"Ever since we went to that wedding the other day, I have been wishing it were our own—that you and I might stand together before God's high altar in that little church with the sun streaming in, and be joined, each to the other, until death do us part.

"Sweetheart, can you trust me? Can you believe that it is for always and not just for a little while? Has your mother left her love to you as my father left me his?

"Let me have the sweetness of your leaning on me always, let me take care of you, comfort you when you are tired, laugh with you when you are glad, and love you until death and even after, as he loved her.

"Tell me you care, Barbara, even if it is only a little. Tell me you care, and I can wait, a long, long time.

Roger.

Barbara's heart sang with the joy of the morning. She opened the little worn book, with its yellow, tear-stained pages, and read it all, up to the very last line.

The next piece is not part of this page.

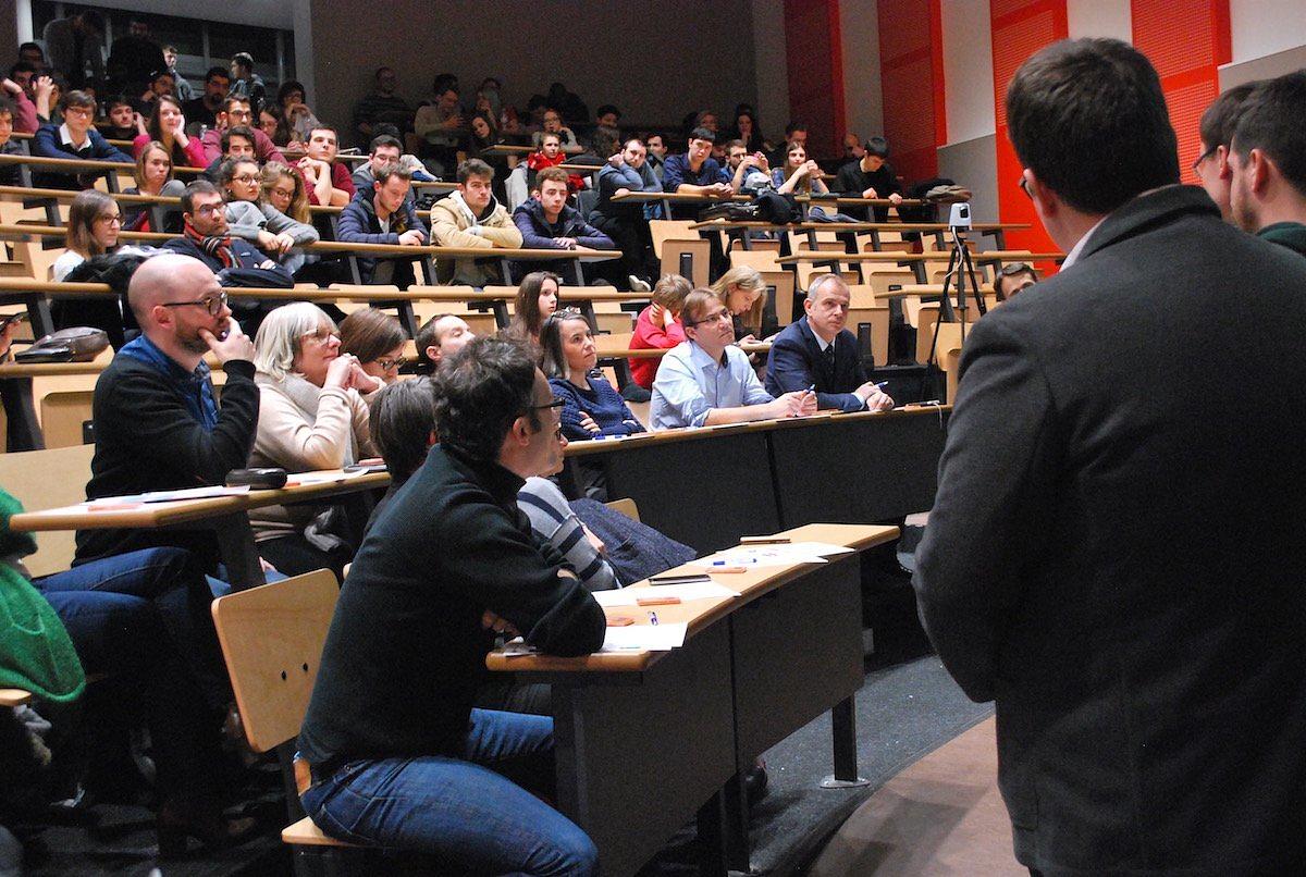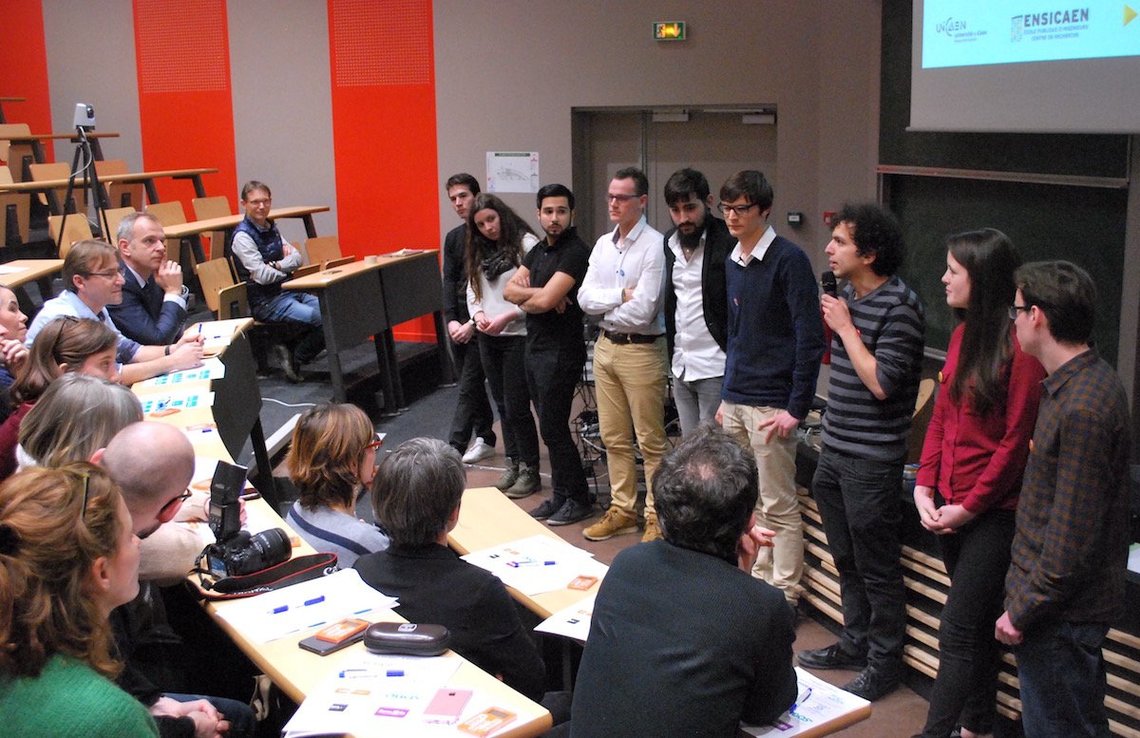 L’excitation était là lundi soir dans le grand amphithéâtre de l’ENSICAEN ! C’est devant un jury composé des membres des organisations partenaires (Normandie Aménagement, Caen la mer Habitat, Le Dôme) et d’organismes ou entreprises intéressées par des projets en lien avec l’innovation et l’aménagement urbain, que les étudiants ont présenté leurs prototypes développés autour de la problématique "Espaces collectifs et usages partagés ".

"Oh!" she cried aloud, in pity. "Oh! oh!"

Fully understanding, she put it aside, closing the faded cover reverently on its love and pain. Then she turned to Roger's letter, and read it again.

First Flush of Rapture

Dreaming over it, in the first flush of that mystical rapture which makes the world new for those to whom it comes, as light is recreated with every dawn, she took no heed of the passing hours. She did not know that it was very late, nor that Aunt Miriam, much worried, had asked Roger to go in search of her. She knew only that love and morning and the sea were all hers.